TASK INSTRUCTIONS: From the line containing "ホワイト×ゴールド系カラー 腕時計 SY02-F8Y●" to the line containing "在陶雪莲、王珑澔老师共同指导" in the records below, set down every line exactly as it stands, both ends included, and skip the pictures.

BEGIN DATA FOR THIS TASK

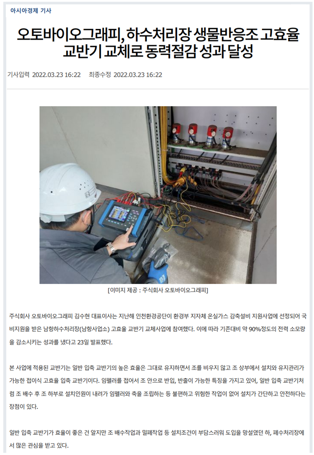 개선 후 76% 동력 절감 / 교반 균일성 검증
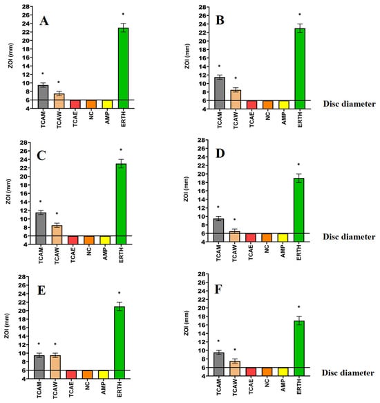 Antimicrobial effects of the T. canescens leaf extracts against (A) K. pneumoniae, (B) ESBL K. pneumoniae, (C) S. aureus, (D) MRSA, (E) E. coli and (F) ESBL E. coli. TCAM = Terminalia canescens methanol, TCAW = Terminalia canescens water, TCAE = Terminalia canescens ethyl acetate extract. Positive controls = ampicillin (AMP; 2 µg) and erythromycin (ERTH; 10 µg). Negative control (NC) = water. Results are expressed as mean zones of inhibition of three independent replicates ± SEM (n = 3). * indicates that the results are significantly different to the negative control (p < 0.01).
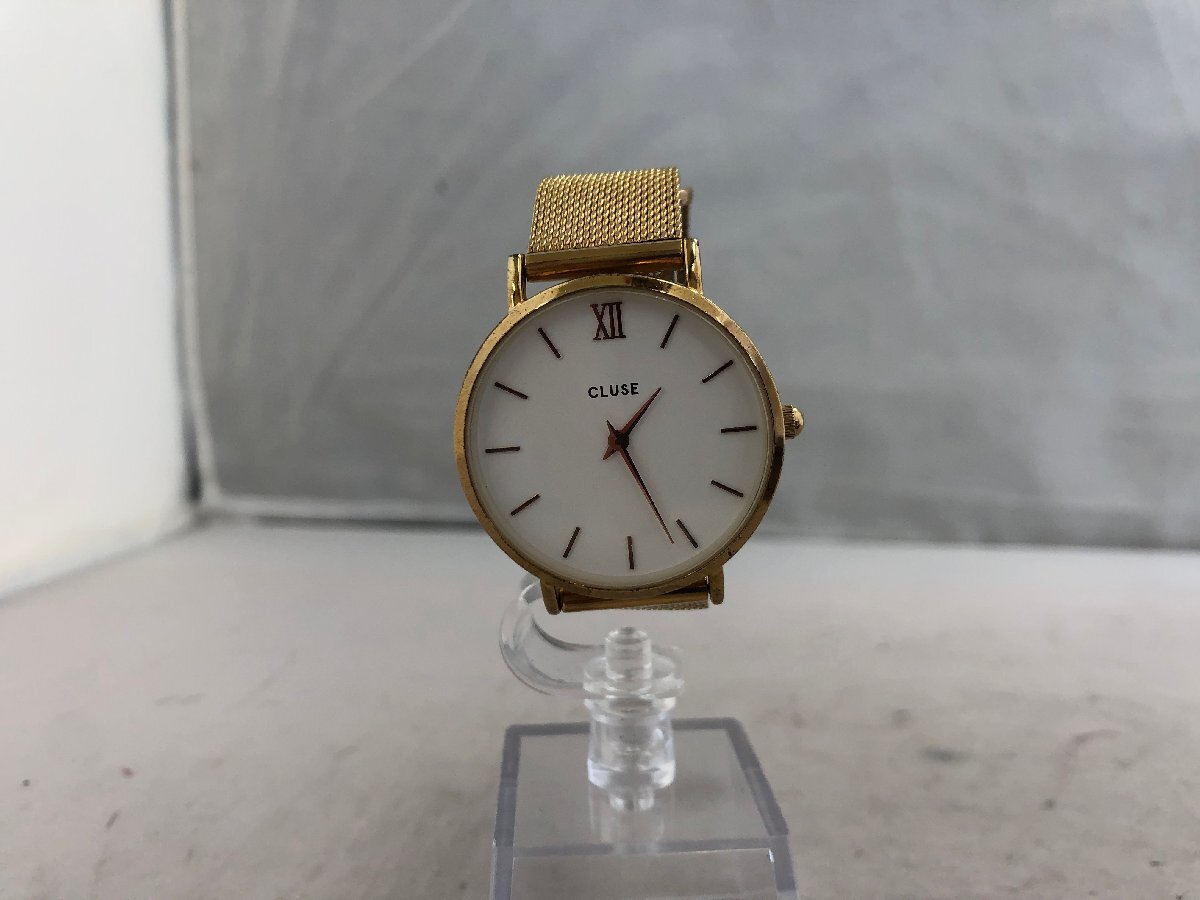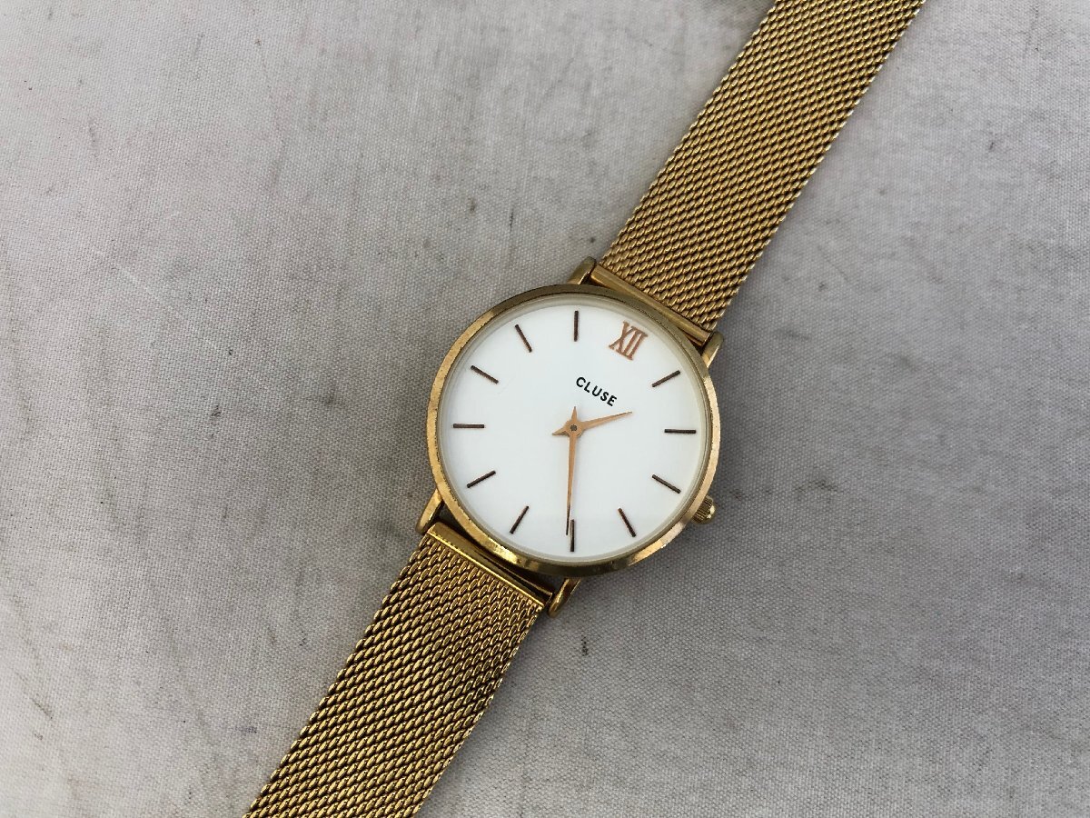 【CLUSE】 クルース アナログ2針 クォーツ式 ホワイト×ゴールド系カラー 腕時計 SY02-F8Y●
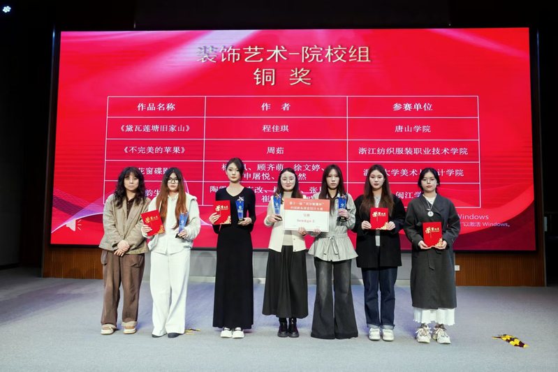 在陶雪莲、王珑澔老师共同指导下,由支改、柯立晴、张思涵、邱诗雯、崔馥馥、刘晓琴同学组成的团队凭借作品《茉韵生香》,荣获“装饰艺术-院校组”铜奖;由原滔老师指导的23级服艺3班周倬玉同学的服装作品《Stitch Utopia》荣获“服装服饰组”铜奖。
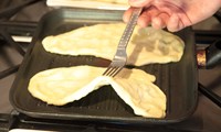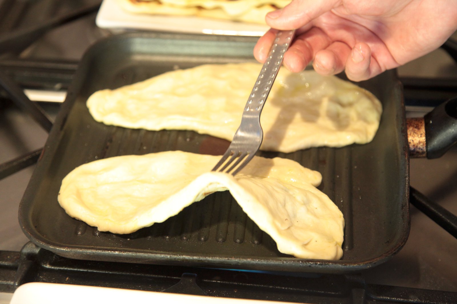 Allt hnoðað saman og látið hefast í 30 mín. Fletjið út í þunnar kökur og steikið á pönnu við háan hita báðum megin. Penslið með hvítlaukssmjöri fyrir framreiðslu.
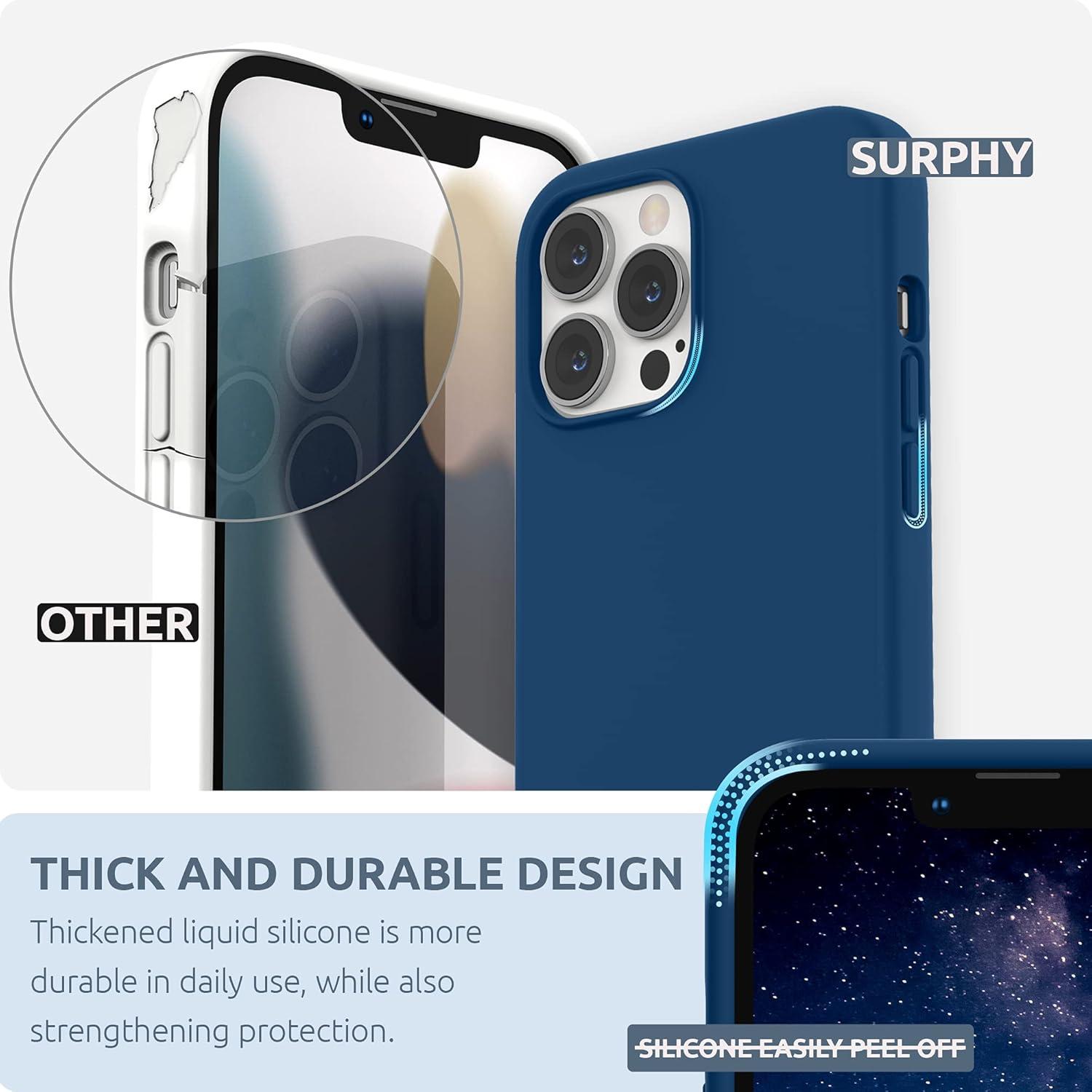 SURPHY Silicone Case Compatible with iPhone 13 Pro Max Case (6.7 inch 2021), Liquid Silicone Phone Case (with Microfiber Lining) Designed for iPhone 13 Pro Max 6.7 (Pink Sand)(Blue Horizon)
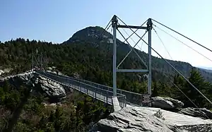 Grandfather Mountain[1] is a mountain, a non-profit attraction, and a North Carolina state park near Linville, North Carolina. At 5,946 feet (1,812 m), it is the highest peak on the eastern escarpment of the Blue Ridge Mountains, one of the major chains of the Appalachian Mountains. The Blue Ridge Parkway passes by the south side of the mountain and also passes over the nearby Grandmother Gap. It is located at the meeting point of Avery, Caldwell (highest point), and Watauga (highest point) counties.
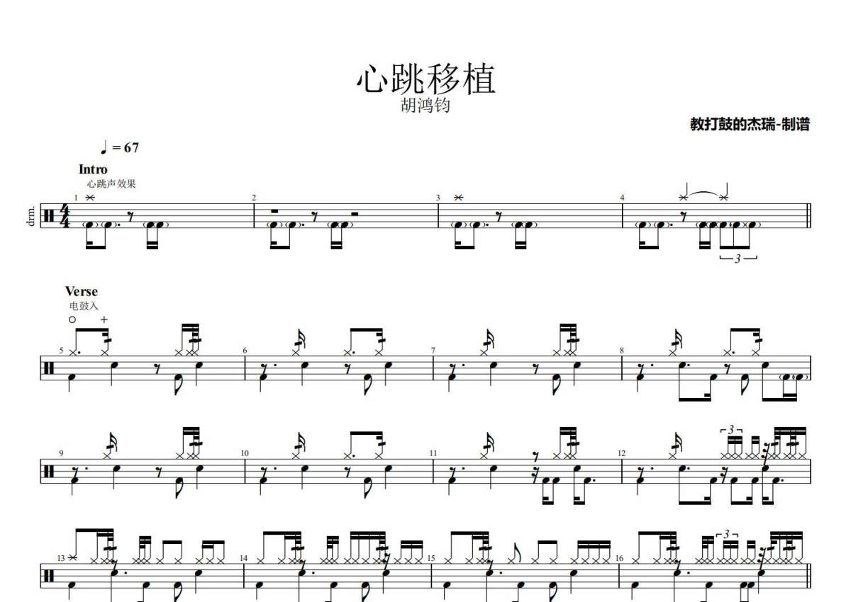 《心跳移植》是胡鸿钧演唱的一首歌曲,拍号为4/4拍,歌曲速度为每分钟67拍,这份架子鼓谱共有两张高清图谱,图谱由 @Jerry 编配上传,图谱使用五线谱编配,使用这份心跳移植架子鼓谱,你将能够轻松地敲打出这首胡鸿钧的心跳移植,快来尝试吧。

END DATA FOR THIS TASK

RESPONSE TO THIS EXERCISE:
 【CLUSE】 クルース アナログ2針 クォーツ式 ホワイト×ゴールド系カラー 腕時計 SY02-F8Y●
 在陶雪莲、王珑澔老师共同指导下,由支改、柯立晴、张思涵、邱诗雯、崔馥馥、刘晓琴同学组成的团队凭借作品《茉韵生香》,荣获“装饰艺术-院校组”铜奖;由原滔老师指导的23级服艺3班周倬玉同学的服装作品《Stitch Utopia》荣获“服装服饰组”铜奖。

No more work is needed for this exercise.